Beginning with the line that has "左边这张,就算只是1费抽1对" and ending with the line that has "THE FIX: Bend", retype the entries below exactly, except for the pictures.

### [AVAILABLE DATA]
══════════════════════════════

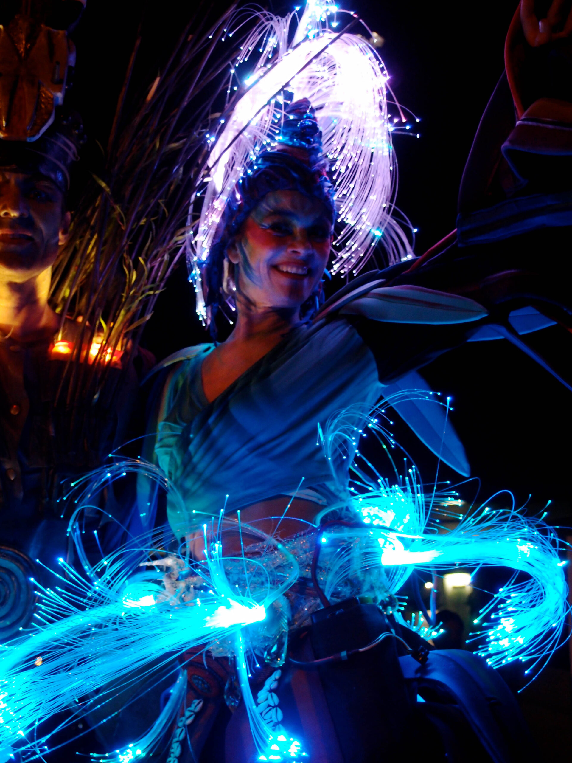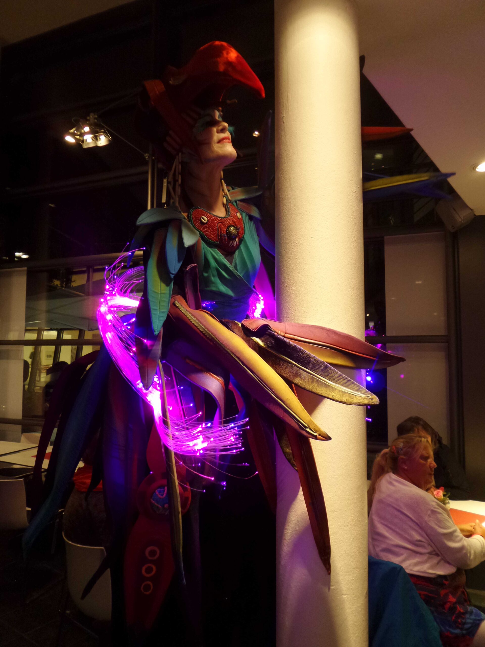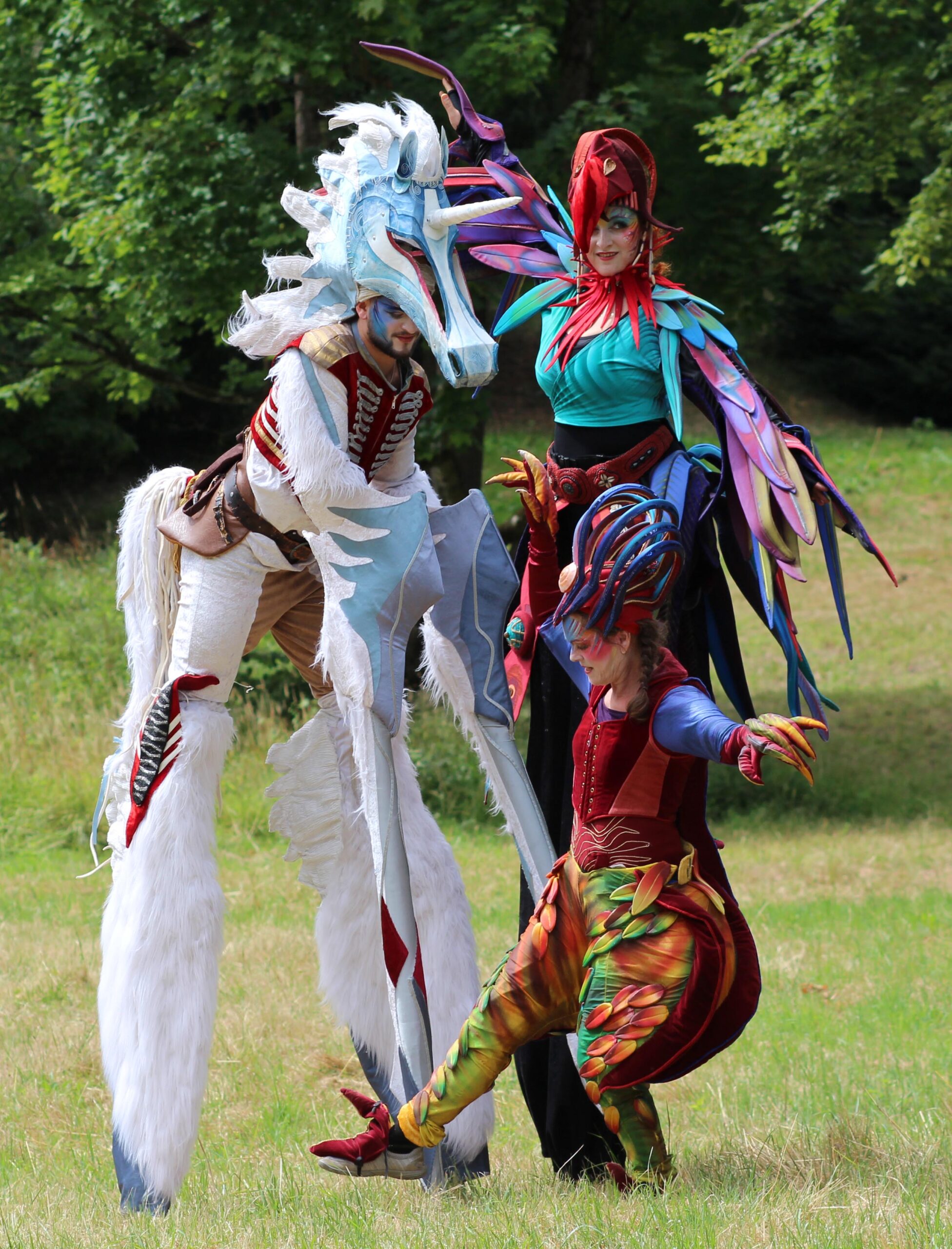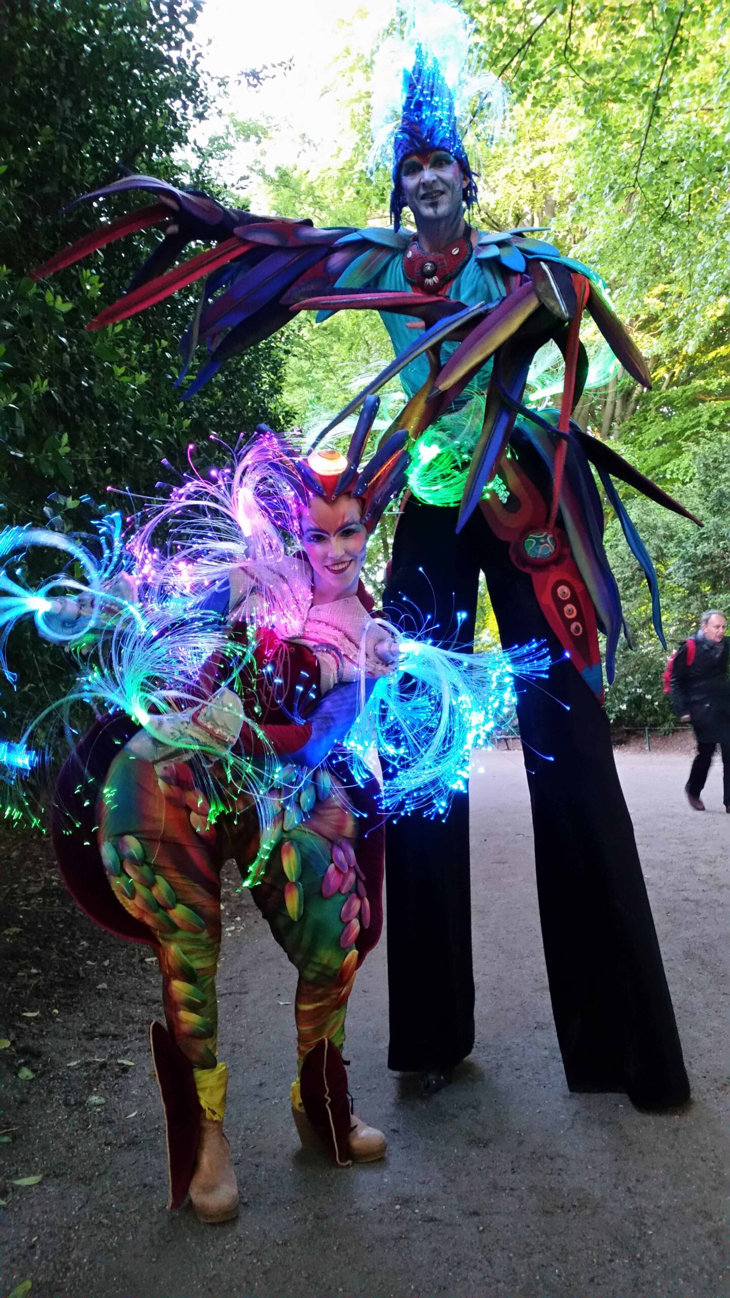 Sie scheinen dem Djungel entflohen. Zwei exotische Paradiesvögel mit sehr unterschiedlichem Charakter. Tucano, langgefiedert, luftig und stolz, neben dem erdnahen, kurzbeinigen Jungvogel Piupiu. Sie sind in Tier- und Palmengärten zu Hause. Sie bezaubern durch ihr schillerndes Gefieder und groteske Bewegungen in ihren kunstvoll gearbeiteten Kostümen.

══════════════════════════════

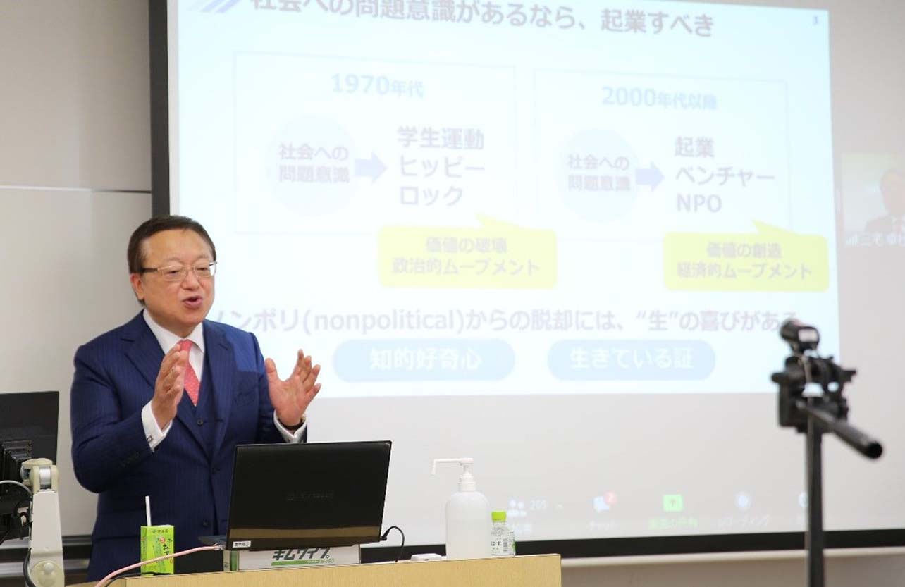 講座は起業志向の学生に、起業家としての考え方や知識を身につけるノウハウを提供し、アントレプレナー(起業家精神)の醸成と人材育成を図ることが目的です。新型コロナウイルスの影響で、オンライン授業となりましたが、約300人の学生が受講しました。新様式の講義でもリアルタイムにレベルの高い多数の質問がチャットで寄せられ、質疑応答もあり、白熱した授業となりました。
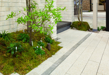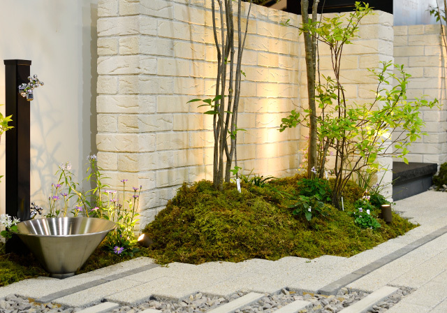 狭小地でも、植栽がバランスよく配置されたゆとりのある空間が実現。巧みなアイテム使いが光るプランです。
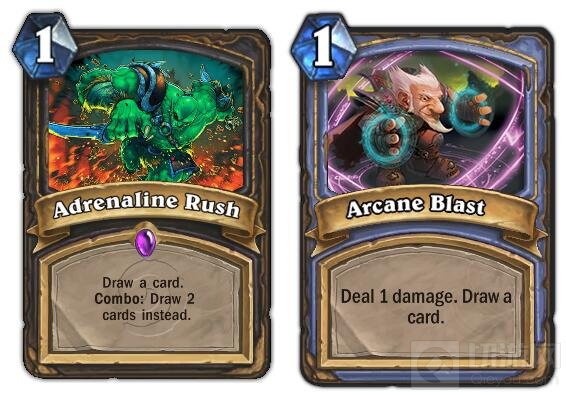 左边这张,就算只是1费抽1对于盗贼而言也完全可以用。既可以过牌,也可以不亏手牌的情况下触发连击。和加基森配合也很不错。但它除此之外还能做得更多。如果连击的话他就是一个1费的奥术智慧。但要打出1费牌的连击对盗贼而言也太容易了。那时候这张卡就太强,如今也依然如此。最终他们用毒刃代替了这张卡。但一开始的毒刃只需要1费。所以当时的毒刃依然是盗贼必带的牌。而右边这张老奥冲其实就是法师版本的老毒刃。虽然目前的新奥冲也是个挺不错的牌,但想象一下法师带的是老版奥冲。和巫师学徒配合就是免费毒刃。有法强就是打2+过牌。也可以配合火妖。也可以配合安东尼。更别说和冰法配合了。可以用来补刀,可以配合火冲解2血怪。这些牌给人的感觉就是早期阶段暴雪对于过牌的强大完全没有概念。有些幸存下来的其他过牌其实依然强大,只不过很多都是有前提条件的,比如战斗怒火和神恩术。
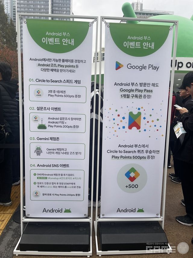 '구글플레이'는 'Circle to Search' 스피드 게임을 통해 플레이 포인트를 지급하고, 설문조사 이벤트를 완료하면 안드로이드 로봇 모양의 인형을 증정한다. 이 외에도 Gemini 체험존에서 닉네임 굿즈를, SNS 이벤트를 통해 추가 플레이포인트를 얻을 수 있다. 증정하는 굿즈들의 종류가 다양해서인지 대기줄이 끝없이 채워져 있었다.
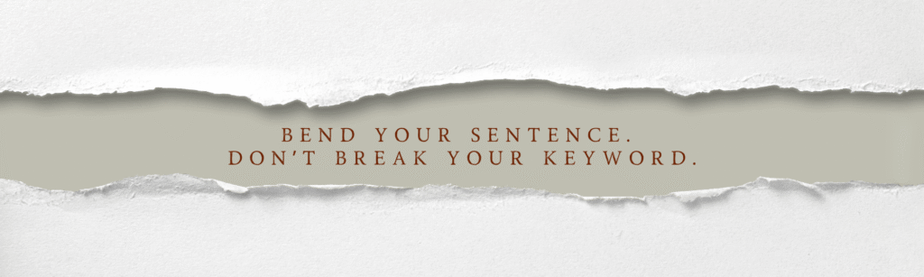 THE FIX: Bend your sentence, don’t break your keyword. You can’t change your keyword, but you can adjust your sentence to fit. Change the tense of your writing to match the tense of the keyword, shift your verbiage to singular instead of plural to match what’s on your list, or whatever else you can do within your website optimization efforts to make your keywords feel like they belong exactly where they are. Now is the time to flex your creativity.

══════════════════════════════

### [YOUR SOLUTION]
 左边这张,就算只是1费抽1对于盗贼而言也完全可以用。既可以过牌,也可以不亏手牌的情况下触发连击。和加基森配合也很不错。但它除此之外还能做得更多。如果连击的话他就是一个1费的奥术智慧。但要打出1费牌的连击对盗贼而言也太容易了。那时候这张卡就太强,如今也依然如此。最终他们用毒刃代替了这张卡。但一开始的毒刃只需要1费。所以当时的毒刃依然是盗贼必带的牌。而右边这张老奥冲其实就是法师版本的老毒刃。虽然目前的新奥冲也是个挺不错的牌,但想象一下法师带的是老版奥冲。和巫师学徒配合就是免费毒刃。有法强就是打2+过牌。也可以配合火妖。也可以配合安东尼。更别说和冰法配合了。可以用来补刀,可以配合火冲解2血怪。这些牌给人的感觉就是早期阶段暴雪对于过牌的强大完全没有概念。有些幸存下来的其他过牌其实依然强大,只不过很多都是有前提条件的,比如战斗怒火和神恩术。
 '구글플레이'는 'Circle to Search' 스피드 게임을 통해 플레이 포인트를 지급하고, 설문조사 이벤트를 완료하면 안드로이드 로봇 모양의 인형을 증정한다. 이 외에도 Gemini 체험존에서 닉네임 굿즈를, SNS 이벤트를 통해 추가 플레이포인트를 얻을 수 있다. 증정하는 굿즈들의 종류가 다양해서인지 대기줄이 끝없이 채워져 있었다.
 THE FIX: Bend your sentence, don’t break your keyword. You can’t change your keyword, but you can adjust your sentence to fit. Change the tense of your writing to match the tense of the keyword, shift your verbiage to singular instead of plural to match what’s on your list, or whatever else you can do within your website optimization efforts to make your keywords feel like they belong exactly where they are. Now is the time to flex your creativity.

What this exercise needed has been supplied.